Just a “Friend?”

  
Have we all experienced this type of unrequited love? I’m not sure, but we’re all too familiar with the “let’s just be friends” talk. I’m not going to go into the bittersweet irony in it or the fact that it stings like nothing else. I’m here to explain that it doesn’t have to be the end of a potential relationship, but it can be the beginning of an honest friendship. Yes, I’m here to tell you that it’s possible to do and quite rewarding.

But you might say, “Guys and girls can’t just be friends – they can’t!” Yes, they can! How many of you have friends of the opposite sex? Most of us do and, in fact, I’ve found that friendship with a guy is often less stressful and taxing than one with a girl for me. In my experience, girl friends tend to expect more social etiquette – calling them to talk often, to catch up, and nagging when it doesn’t happen, gossip, and the ugly occasional backstabbing if some drama is stirred up, etc., nearly all of which I either don’t have time for or often don’t wish to participate in. 

I say save the drama for the big screen and come back down to earth where you’ll find me engaging in intelligent and oftentimes comical conversation with people who actually value my time and effort to establish and maintain a friendship with them. Yes, most of these people are men whose paths have crossed with mine sometime in the past for whatever reason. And it isn’t just the funny conversations that keep me in these friendships – it’s the highly interesting and deep, often philosophical-like talks that we share that I find to be the most fascinating and rewarding. 

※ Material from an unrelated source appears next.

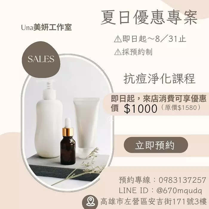 左營不推銷做臉『Una美妍工作室』,豐富經驗頂級美容師以專業手技、獨家按摩手法,依美眉個人的膚況、保養的需求、平日習慣,量身訂做!客製適合的美容美體方案,價格親民平實,左營不踩雷做臉『Una美妍工作室』讓肌膚輕鬆把保養品中的營養吃進去肌膚裡,讓美眉們擁有水噹噹的肌膚 !裡裡外外就是水嫩動人。

It’s always interesting to see life from a different viewpoint, and it enriches your own understanding in such a unique way to increase your empathy and love for others. I have found some of the best of friends through these means and by being mature enough to get over unrequited love and see an opportunity for growth and development, I have come to know some incredible souls who continue to motivate and inspire me to better myself through this journey we call life.

I highly urge you to think twice the next time you hear “just friends” in the voice of someone you were thinking of dating. Think of the potential there to learn and grow from another’s experiences and perspective. Take a serious stab at being real friends and reap the rewards!